▶ _Work task_:
The lines to transcribe begin with the one containing "Este adesivo de" and end with the last line below; reproduce them exactly, without the pictures.
----
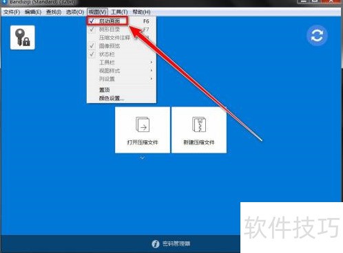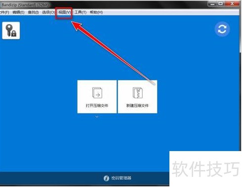 1、 第一步:在Bandizip窗口中,点击菜单栏上的“视图”。
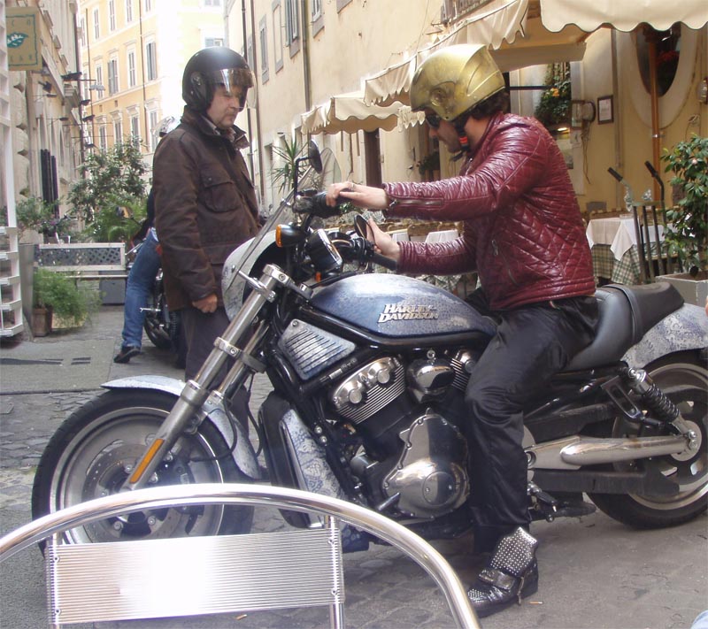 While I was in Italy I accidentally stumbled across the Italian Hells Angels HQ in Rome.I was able to identify them them by the leathers and open face helmets and obviously the Harley Davidsons.
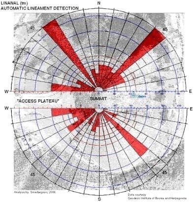 I rilievi collinari individuati da Osmanagich (membro esterno della Russian Academy of Natural Sciences e professore di Antropologia presso l’American University in Bosnia-Herzegovina) hanno una base quadrata e facce triangolari, con angoli d’inclinazione perfettamente regolari orientati verso i punti cardinali.
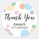 Este adesivo de festa de aniversário divertida apresenta um padrão de pontos de configuração do arco-íris desenhado à mão juntamente com a tipografia e o texto personalizado "Obrigado!". Apenas personalize o texto e faça dele seu!
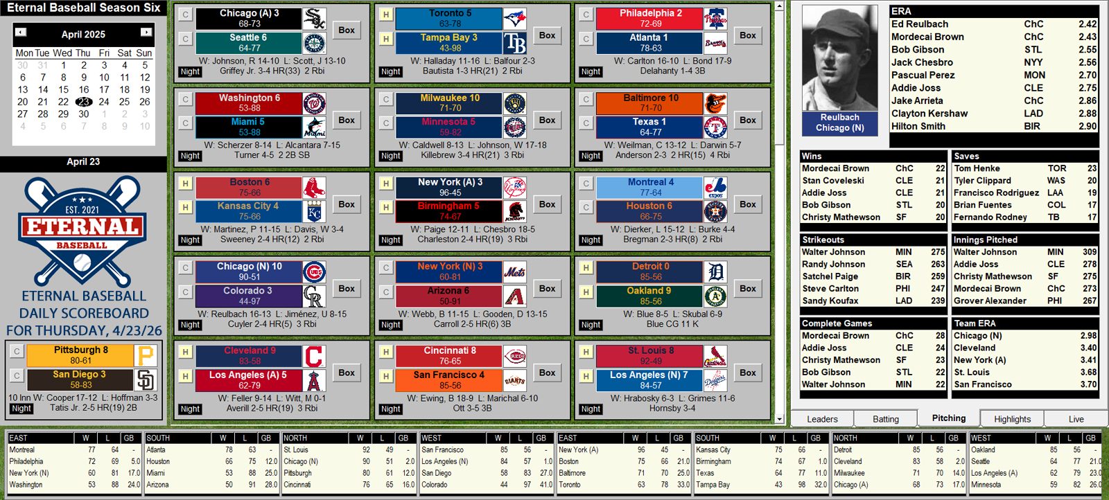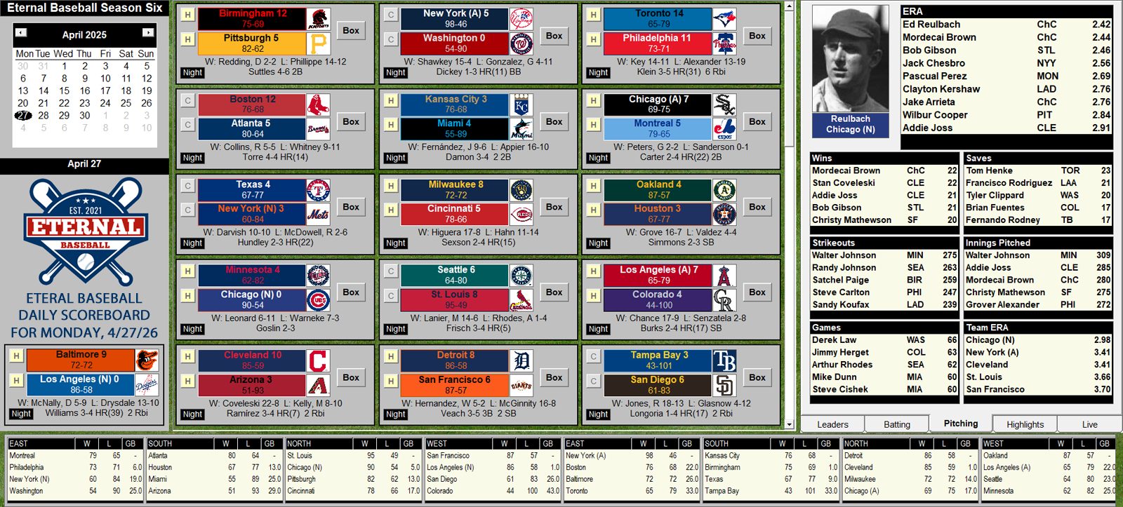 Sign up for our weekly Eternal Baseball Newsletter for updates on the standings, historic player performances and interesting statistical factoids from our current season. It’s interesting, informative and fun.
----
▶ _Solution below_:
 Este adesivo de festa de aniversário divertida apresenta um padrão de pontos de configuração do arco-íris desenhado à mão juntamente com a tipografia e o texto personalizado "Obrigado!". Apenas personalize o texto e faça dele seu!
 Sign up for our weekly Eternal Baseball Newsletter for updates on the standings, historic player performances and interesting statistical factoids from our current season. It’s interesting, informative and fun.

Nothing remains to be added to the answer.